Anyone arriving in the UK from these countries after 4am on Saturday 29 August will have to self-isolate for two weeks.
The Foreign Office has also updated its advice to warn against all non-essential travel to the three destinations.
The transport Secretary, Grant Shapps, confirmed that, while these countries were being removed, Cuba will be added to the list of quarantine-exempt travel corridors following a fall in the Covid-19 infection rate.
“Data shows we need to remove the Czech Republic, Jamaica and Switzerland from our list of coronavirus travel corridors to keep infection rates DOWN,” he wrote on Twitter.
“As with all air bridge countries, please be aware that things can (and do sometimes) change quickly. Only travel if you are content to unexpectedly 14-day quarantine on return.”
He confirmed that a key factor in determining whether a country stays on the quarantine-exempt list is the number of new coronavirus cases per 100,000 people recorded in the previous seven days.
If this number hits 20 or above, the destination is at risk of being removed from the list.
However, Mr Shapps added that the Joint Biosecurity Centre, which is responsible for coordinating the UK’s Covid-19 response, takes into account “a wide range of factors, including level, rate and speed of change in confirmed cases”.
Based solely on the number of cases per 100,000, travel consultant Paul Charles correctly predicted which countries would get the chop the day before the announcement.
He said: “Wednesday update: Switzerland continues to be above @transportgovuk case number criteria.
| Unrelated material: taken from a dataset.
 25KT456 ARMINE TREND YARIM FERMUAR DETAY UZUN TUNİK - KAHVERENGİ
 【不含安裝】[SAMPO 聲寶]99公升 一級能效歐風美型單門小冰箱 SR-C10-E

Jamaica and Czech Republic on the edge of the red zone.”
Switzerland had 22 cases per 100,000 at the time it was removed from the travel corridors list, while Jamaica and Czech Republic had 20.8 and 20.2 respectively.
The latest change to the list follows several weeks of turbulence, as popular holiday spots including France, Austria, the Netherlands, Malta and Croatia have all been taken off at short notice, leaving holidaymakers racing to get home before the quarantine deadline.
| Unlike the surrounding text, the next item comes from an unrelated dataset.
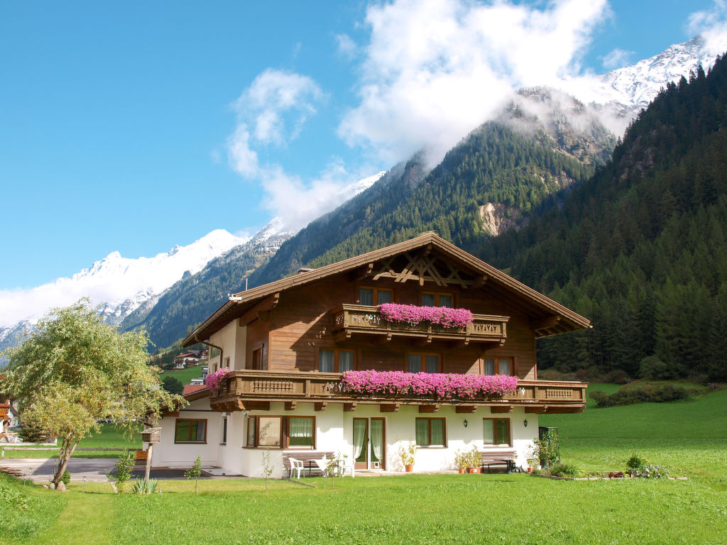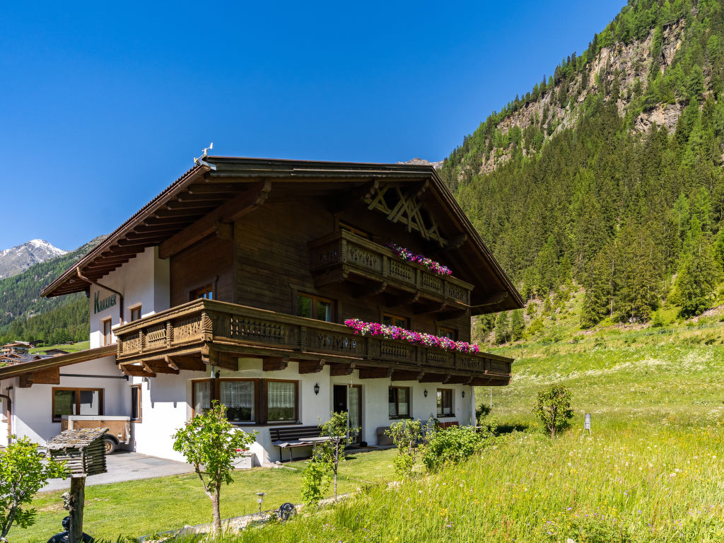 Haus KRAXNER mit insgesamt 4 Wohnungen steht am Ortseingang von Sölden, im Ortsteil Kaisers. Ortsmitte 2 km. Restaurant 1,3 km. Giggijochbahn 1,6 km, Geschäfte 1,8 km. Freizeit Arena Sölden 1,9 km. Parkmöglichkeit auf dem Grundstück. Offenes Wiesengrundstück zur gemeinsamen Nutzung aller Feriengäste und der Besitzer, die im Erdgeschoss wohnen. Brötchenservice. Alle Wohnungen verfügen über einen großen Südbalkon mit Gartenmobiliar und 2 Liegestühlen. Freundliche, feriengerechte Einrichtung. Teppichböden. Kabel-TV. Internet (WLAN, inklusive). Radio. Safe. Öl-Zentralheizung. Hinweis: Der Besitzer akzeptiert keine Gruppen. Winter-Infos: Talstation der Giggijochbahn 1,6 km. Skibushaltestelle ca. 100 m. Skikeller mit Schuhtrockner.

The travel industry has repeatedly called on the government to adopt a more “nuanced” approach – including testing, tracing and the introduction of regional travel corridors – rather than the current blanket-quarantine policy.
At present, all travellers entering the UK must undergo a compulsory 14-day self-isolation, unless they are arriving from one of the select countries on the Department for Transport’s travel corridors list.
“Quarantining on return from a non-travel corridor country is a legal requirement and you commit a criminal offence if you break that quarantine,” said Mr Shapps. ”Fines, as well as a criminal record can result.”
It comes after the World Travel and Tourism Council (WTTC) warned that the UK is set to lose £700 per second during 2020 through the absence of visitors due to the coronavirus pandemic and associated travel bans.
The WTTC claimed that the predicted £22bn cost to the economy of missing tourists and business travellers this year is partly due to “continuing uncertainty around travel restrictions”.